A. The Commission may make such examinations of any branch of an out-of-state state bank located in Virginia as the Commission may deem necessary to determine whether the branch is operating in compliance with the laws of this Commonwealth and to ensure that the branch is being operated in a safe and sound manner. The provisions of § 6.1-87 shall apply to such examinations.

B. The Commission may require periodic reports from any out-of-state bank that maintains a branch in Virginia to the extent such reporting requirements (i) apply equally to similarly situated banks having Virginia as their home state and (ii) are not preempted by federal law. Such reports shall be filed under oath with such frequency and in such scope and detail as may be appropriate for the purpose of assuring continuing compliance with the provisions of this article.

C. The Commission may enter into cooperative agreements with the appropriate state bank supervisors and federal banking agencies for the examination of any branch in Virginia of an out-of-state state bank, or any branch of a Virginia state bank in any host state, and may accept such agencies' reports of examination and reports of investigation in lieu of conducting its own examinations or investigations. The Commission may enter into joint actions with other state bank supervisors and federal banking agencies having concurrent jurisdiction over any branch of an out-of-state state bank or any branch of a Virginia state bank, or may take such actions independently to carry out its responsibilities under this article and to assure compliance with the laws of this Commonwealth.

D. Out-of-state state banks may be assessed and, if assessed, shall pay supervisory and examination fees in accordance with the laws of this Commonwealth and regulations of the Commission. Such fees may be shared with other state and federal regulators in accordance with agreements between them and the Commission.

§ 6.1-44.23. Enforcement.

If the Commission determines that there is any violation of Virginia law in the operation of a branch of an out-of-state state bank, or that such branch is being operated in an unsafe and unsound manner, the Commission shall have the authority to undertake such enforcement actions as it would be permitted to take if the branch were a Virginia state bank.

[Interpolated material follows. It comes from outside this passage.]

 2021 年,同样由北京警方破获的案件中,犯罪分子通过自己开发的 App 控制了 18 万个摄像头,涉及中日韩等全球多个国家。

§ 6.1-44.24. Regulations; certain fees.

The Commission may promulgate such regulations, and may provide for the payment of such reasonable application and administration fees, as it finds necessary and appropriate in order to implement the provisions of this article.

§ 6.1-44.25. Notice of subsequent merger, etc.

An out-of-state state bank that maintains a branch in Virginia under this article shall give thirty days' prior written notice of any merger, consolidation, or other transaction involving the bank which would cause the Virginia branch to be maintained by another bank.

§ 58.1-1201. Definitions.

As used in this chapter, unless the context clearly shows otherwise, the term or phrase:

"Bank" means any incorporated bank, banking association or trust company organized by or under the authority of the laws of the Commonwealth and any bank or banking association organized by or under the authority of the laws of the United States, doing business or having an office in the Commonwealth or having a charter which designates any place within the Commonwealth as the place of its principal office, and any bank which establishes and maintains a branch in this Commonwealth under Article 5.1 (§ 6.1-44.1 et seq.) of Title 6.1 or Article 5.2 (§ 6.1-44.15 et seq.), of Title 6.1, whether such bank or banking association is authorized to transact business as a trust company or not, and any joint stock land bank or any other bank organized by or under the authority of the laws of the United States upon which the Commonwealth is authorized to impose a tax. The term shall exclude all corporations organized under the laws of other states and doing business in the Commonwealth, corporations organized not as banks under the laws of the Commonwealth and all natural persons and partnerships.

"Bank holding company" means any corporation that is organized under the laws of Virginia, is doing business in the Commonwealth, and is a bank holding company under the provisions of the Federal Bank Holding Company Act of 1956.